Exercise instructions
If pictures appear among the lines below, leave them out while you return exactly the lines from the one with "De groepsruimte is" through the one with "Doll and clothing".

Data provided

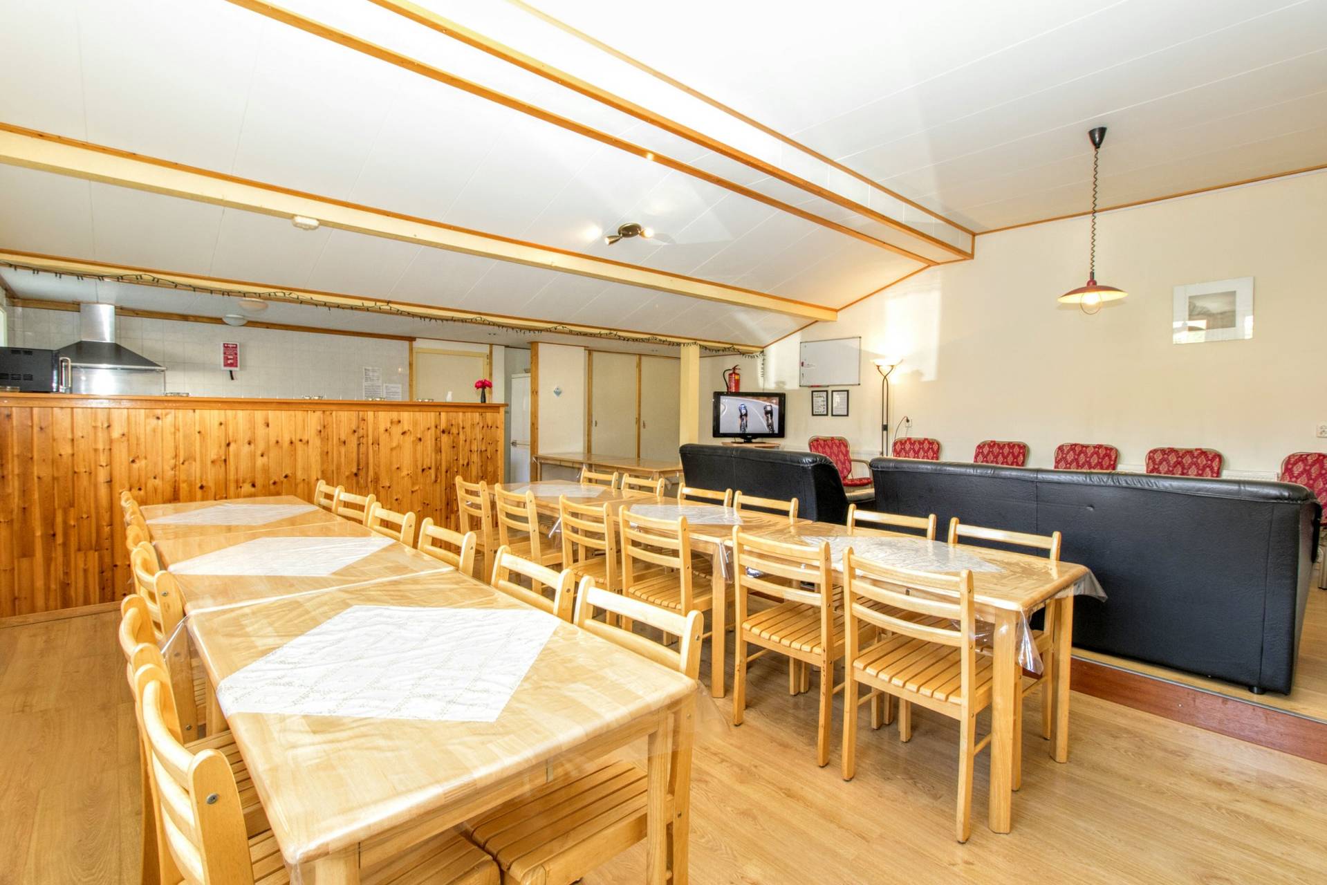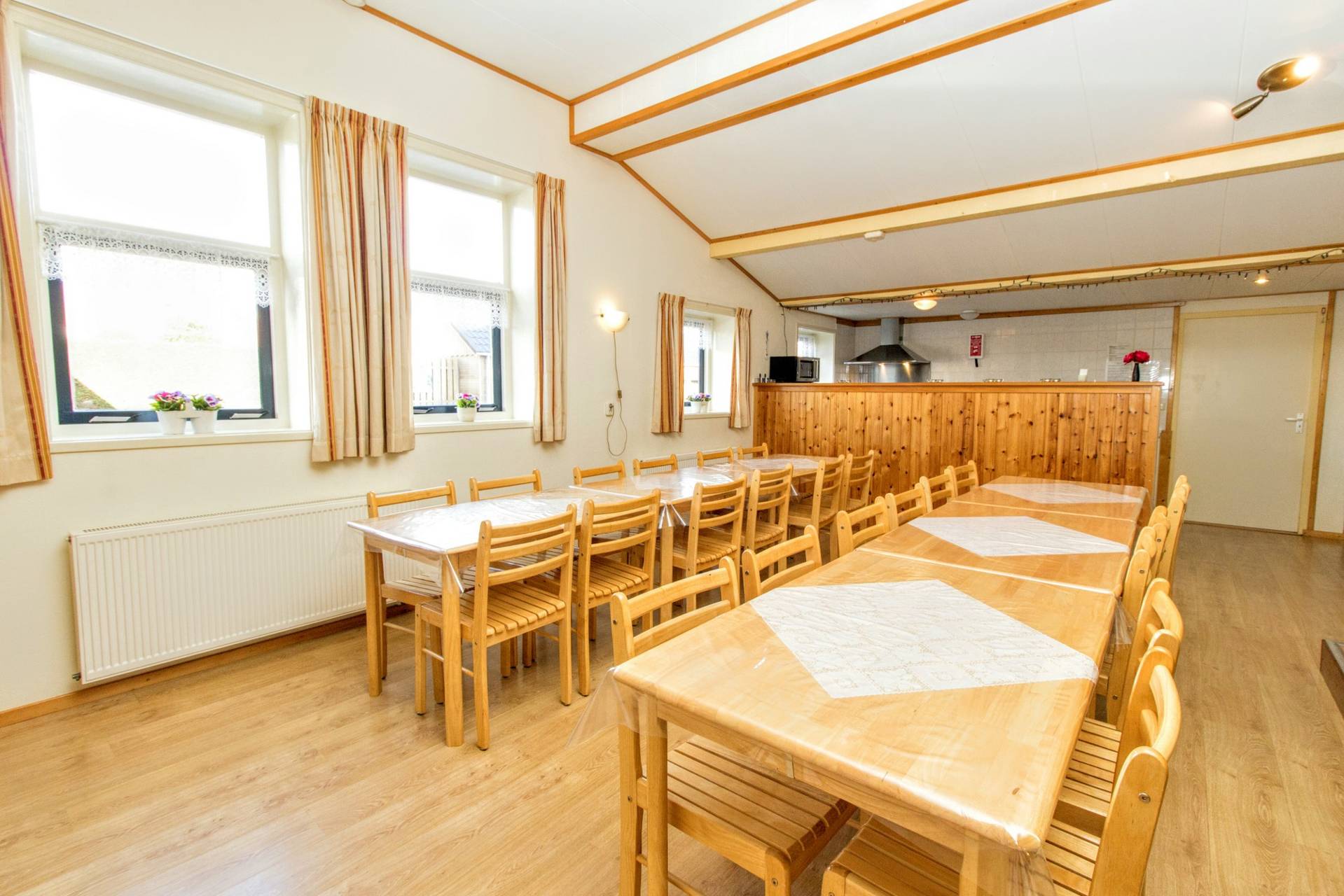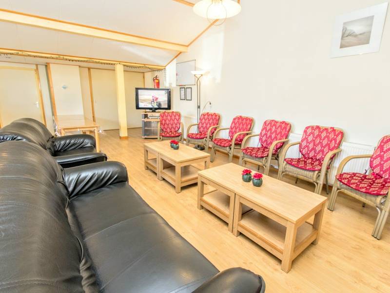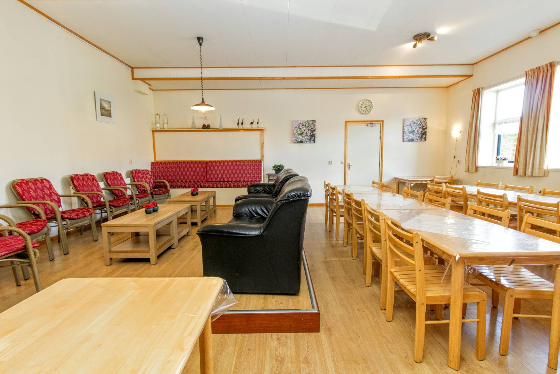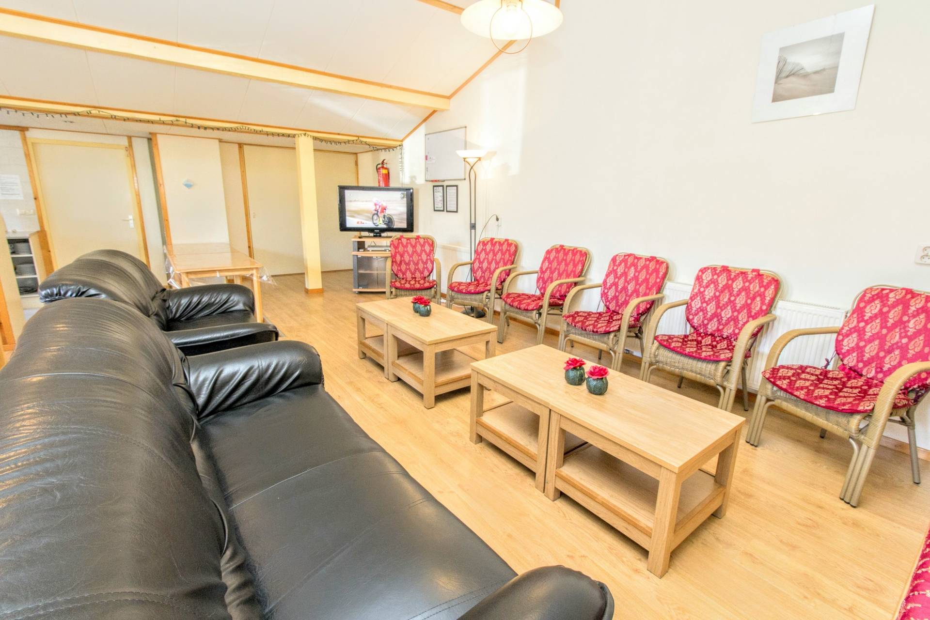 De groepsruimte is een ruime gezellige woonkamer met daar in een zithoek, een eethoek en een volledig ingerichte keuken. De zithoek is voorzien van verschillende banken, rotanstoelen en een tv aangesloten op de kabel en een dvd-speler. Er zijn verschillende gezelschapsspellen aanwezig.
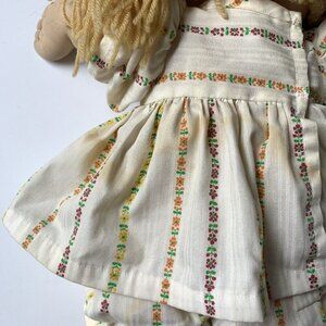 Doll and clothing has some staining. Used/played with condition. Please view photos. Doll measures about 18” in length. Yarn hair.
---
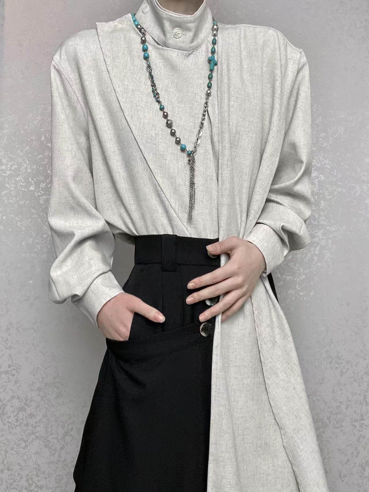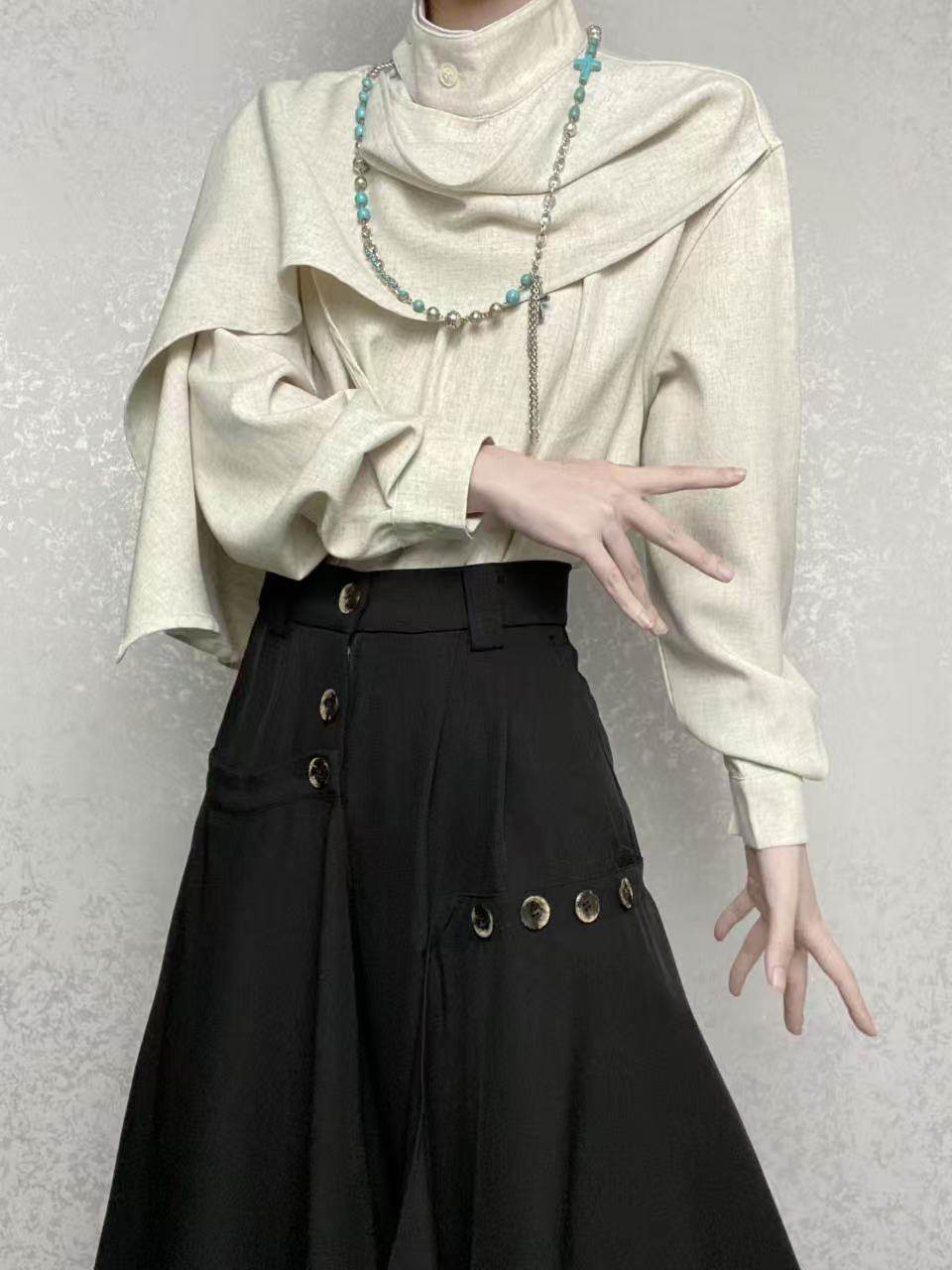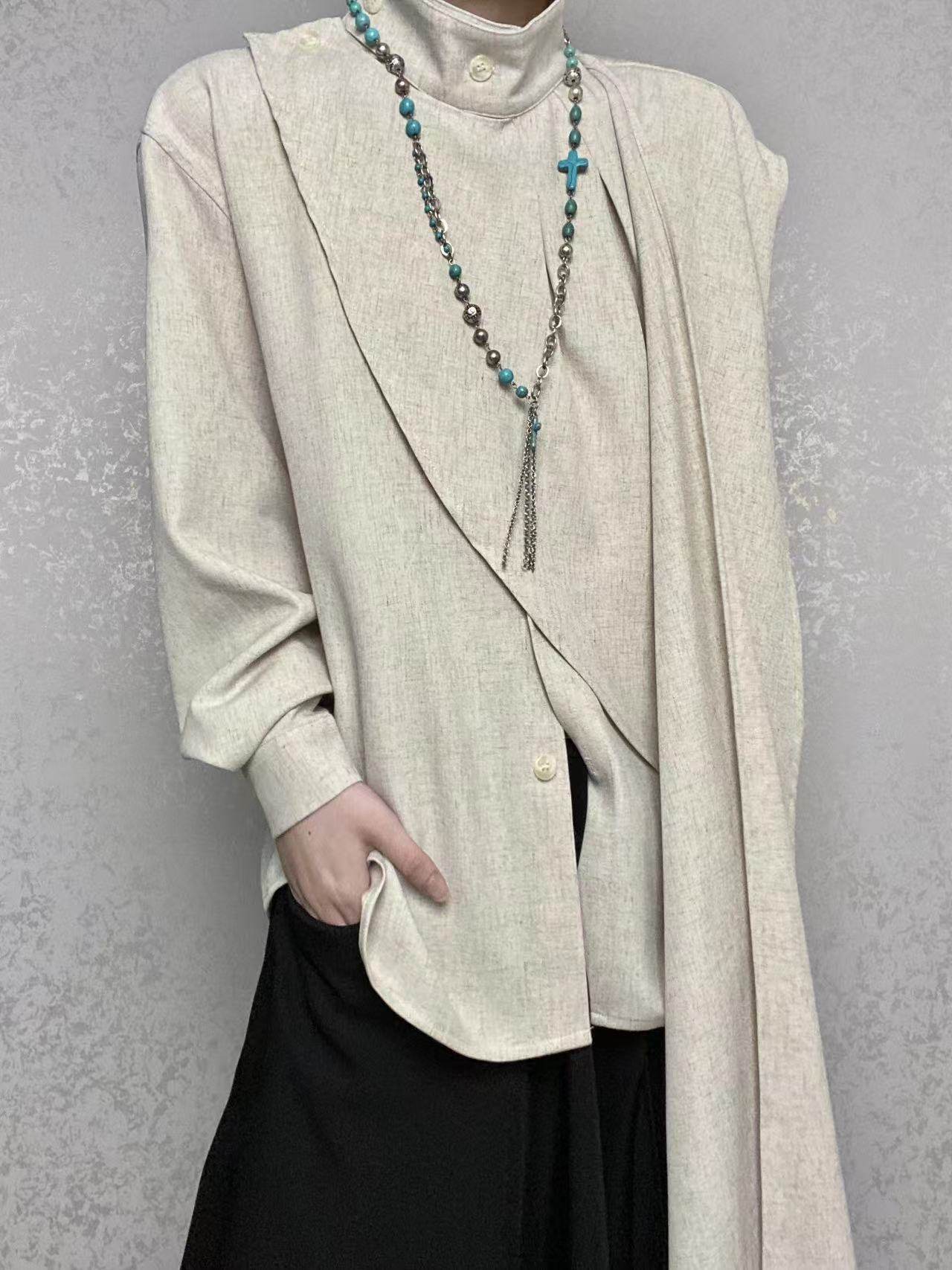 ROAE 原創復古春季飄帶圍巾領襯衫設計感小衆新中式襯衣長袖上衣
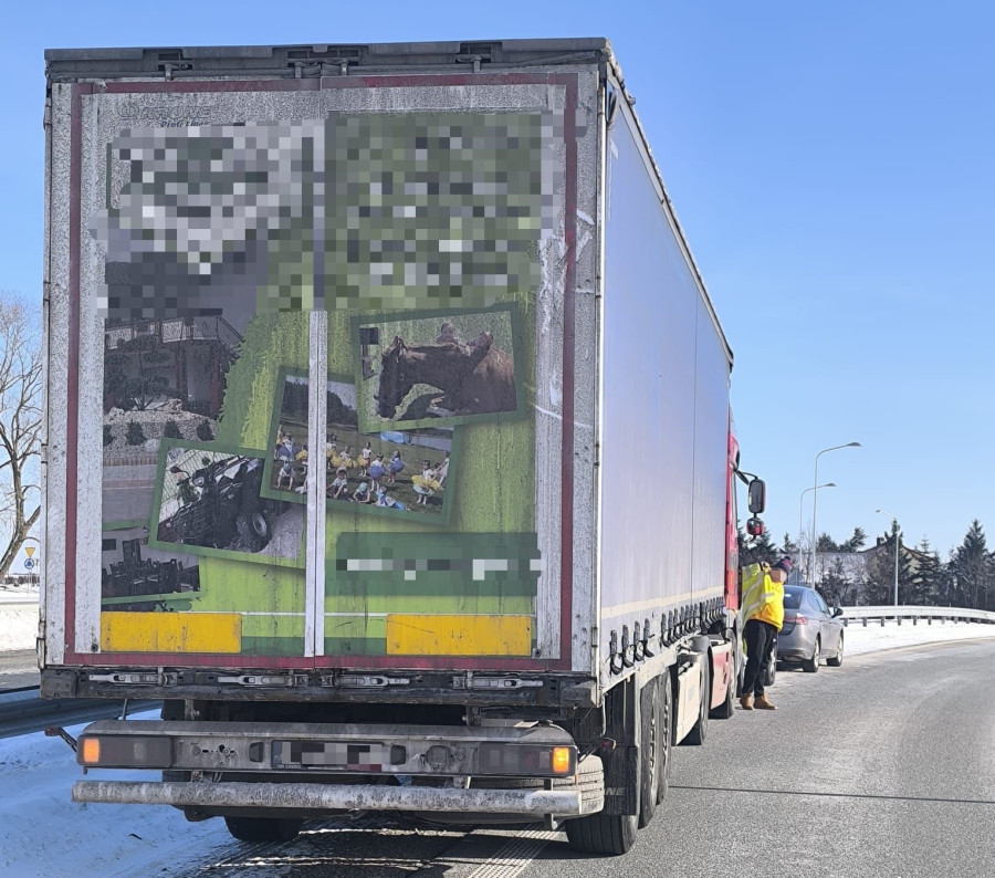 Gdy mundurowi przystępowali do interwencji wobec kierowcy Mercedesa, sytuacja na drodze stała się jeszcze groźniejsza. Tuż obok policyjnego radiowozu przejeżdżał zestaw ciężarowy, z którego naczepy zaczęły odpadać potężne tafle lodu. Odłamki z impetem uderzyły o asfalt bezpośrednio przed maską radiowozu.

Solution
 De groepsruimte is een ruime gezellige woonkamer met daar in een zithoek, een eethoek en een volledig ingerichte keuken. De zithoek is voorzien van verschillende banken, rotanstoelen en een tv aangesloten op de kabel en een dvd-speler. Er zijn verschillende gezelschapsspellen aanwezig.
 Doll and clothing has some staining. Used/played with condition. Please view photos. Doll measures about 18” in length. Yarn hair.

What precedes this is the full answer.